We have successfully trained on [Kinetics](https://deepmind.com/research/open-source/open-source-datasets/kinetics/), [UCF101](http://crcv.ucf.edu/data/UCF101.php), [HMDB51](http://serre-lab.clps.brown.edu/resource/hmdb-a-large-human-motion-database/), [Something-Something-V1](https://20bn.com/datasets/something-something/v1) and [V2](https://20bn.com/datasets/something-something/v2), [Jester](https://20bn.com/datasets/jester) datasets with this codebase. Basically, the processing of video data can be summarized into 3 steps:
- Extract frames from videos (refer to [tools/vid2img_kinetics.py](tools/vid2img_kinetics.py) for Kinetics example and [tools/vid2img_sthv2.py](tools/vid2img_sthv2.py) for Something-Something-V2 example)
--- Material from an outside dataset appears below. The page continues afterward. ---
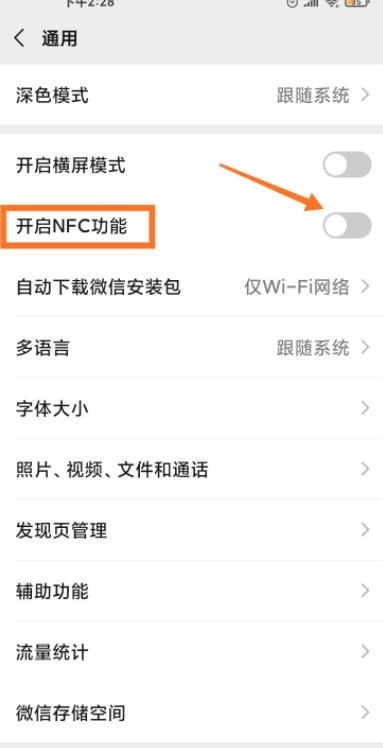 找到【开启NFC功能】选项,默认关闭,点击打开即可,

- Generate annotations needed for dataloader (refer to [tools/gen_label_kinetics.py](tools/gen_label_kinetics.py) for Kinetics example, [tools/gen_label_sthv1.py](tools/gen_label_sthv1.py) for Something-Something-V1 example, and [tools/gen_label_sthv2.py](tools/gen_label_sthv2.py) for Something-Something-V2 example)
- Add the information to [ops/dataset_configs.py](ops/dataset_configs.py)
## Code
This code is based on the [TSN](https://github.com/yjxiong/temporal-segment-networks) codebase. The core code to implement the Temporal Shift Module is [ops/temporal_shift.py](ops/temporal_shift.py). It is a plug-and-play module to enable temporal reasoning, at the cost of *zero parameters* and *zero FLOPs*.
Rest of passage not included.